BIND is refusing to answer queries for a zone because it believes it doesn’t have the correct, up-to-date information to be considered authoritative. This usually means its zone data is either missing, corrupted, or it’s simply not configured to serve it.
The most common culprit is a simple typo in the zone definition within named.conf. BIND is case-sensitive and whitespace-sensitive. A stray space before or after the zone name, or a capitalization mismatch, will cause BIND to ignore the zone entirely.
sudo grep -i "your.zone.name" /etc/named.conf /etc/named.conf.d/*
Fix: Carefully inspect your named.conf and any included files for the exact zone name. Ensure it matches precisely, including case and the absence of leading/trailing whitespace. For example, if your zone is example.com, it should appear as zone "example.com" { ... }; and not zone " example.com" { ... }; or zone "Example.com" { ... };. Restart BIND after correction: sudo systemctl restart named.
Next, check if the zone file itself is actually present and readable by the BIND process. If the zone file is missing or has incorrect permissions, BIND can’t load it.
ls -l /var/named/your.zone.name.db
Fix: Verify the zone file exists at the path specified in named.conf. Ensure the file permissions allow the named user (often named or bind) to read it. For example: sudo chown named:named /var/named/example.com.db and sudo chmod 644 /var/named/example.com.db.
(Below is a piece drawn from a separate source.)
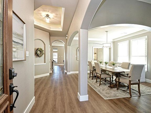 Warm fireplaceKitchen barVaulted ceilingTray ceilingFenced backyardCrown moldingWelcoming porch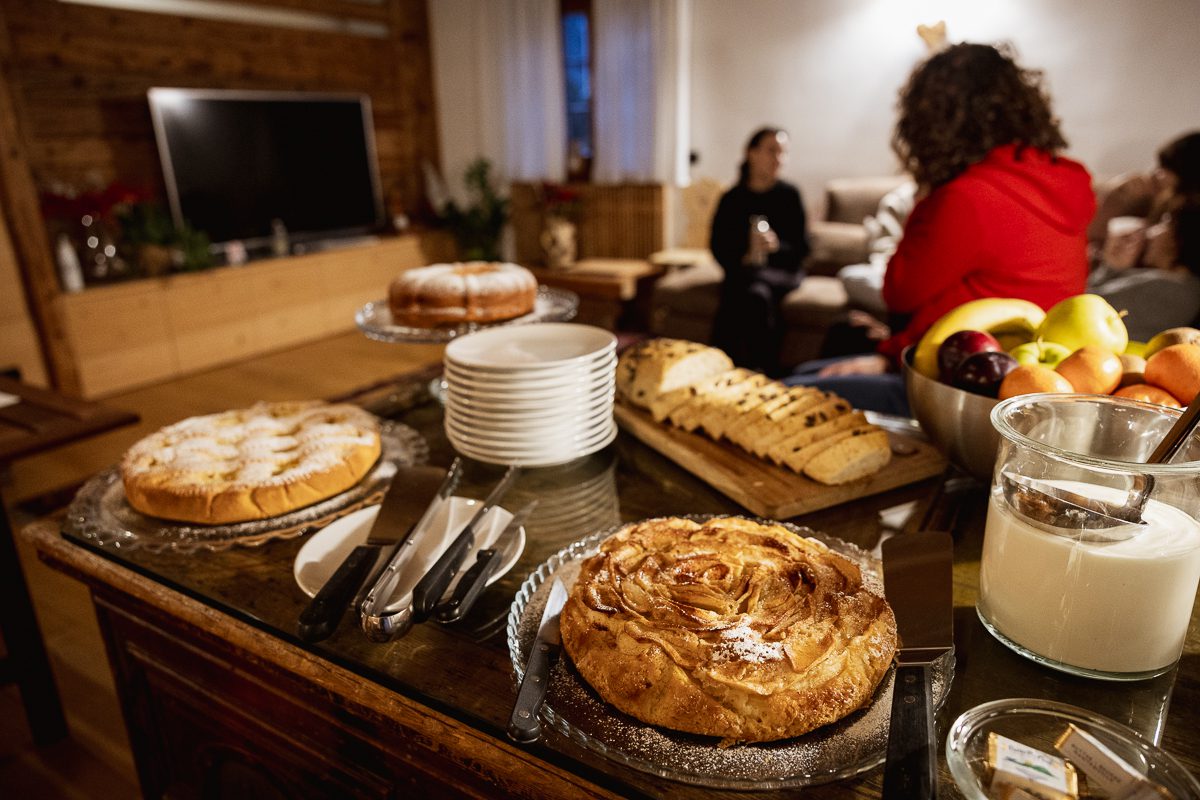 La giornata inizia con una colazione che difficilmente dimenticherai: immagina di scendere ancora in pigiama in una sala calda, in stile montano, e trovare una mamma pronta a coccolare tutte, dal dolce al salato.

Then, check BIND’s logs for specific file loading errors: sudo journalctl -u named -f.
A corrupt zone file, often due to incomplete transfers or manual editing errors, will prevent BIND from parsing it. This can manifest as a "not authoritative" error if BIND fails to load the file during startup or reload.
sudo named-checkzone your.zone.name /var/named/your.zone.name.db
Fix: Run named-checkzone on your zone file. It will report syntax errors. Common issues include missing closing semicolons, incorrect record types, or invalid IP addresses. Correct the syntax errors reported by named-checkzone and reload BIND: sudo rndc reload your.zone.name.
If you’re running BIND as a slave server, the zone transfer from the master might have failed, leaving the slave with an old or empty zone file.
sudo rndc zonestatus your.zone.name
Fix: On the slave server, check the zonestatus output for the serial number. If it’s old or 0, the transfer likely failed. Check the master server’s logs for AXFR/IXFR denial or errors. On the slave, you can force a re-transfer with sudo rndc retransfer your.zone.name. Ensure the master allows zone transfers (allow-transfer) to the slave’s IP address.
BIND’s configuration might explicitly deny serving the zone, even if it’s present. This is often a security measure.
sudo grep -i "allow-query" /etc/named.conf /etc/named.conf.d/*
sudo grep -i "allow-transfer" /etc/named.conf /etc/named.conf.d/*
Fix: Examine the allow-query and allow-transfer directives within your zone definition in named.conf. If the IP address of the client making the query (or the slave server asking for a transfer) is not explicitly listed or covered by a broader ACL, BIND will deny the request. Add the necessary IP addresses or ACLs. For example: allow-query { localhost; 192.168.1.0/24; };.
A more subtle issue is when BIND has a stale cache entry for the zone’s SOA record. Even if the zone data is corrected, BIND might still be referencing an old SOA that indicates it’s not authoritative.
dig soa your.zone.name @localhost
Fix: If the SOA serial number returned by dig is old, it might indicate a caching issue or that BIND hasn’t fully reloaded. Try clearing BIND’s cache with sudo rndc flushname your.zone.name and then reload BIND entirely (sudo systemctl restart named).
The next error you’ll likely encounter is a SERVFAIL response if BIND is still unable to resolve queries due to a different underlying issue, such as network connectivity problems to upstream DNS servers.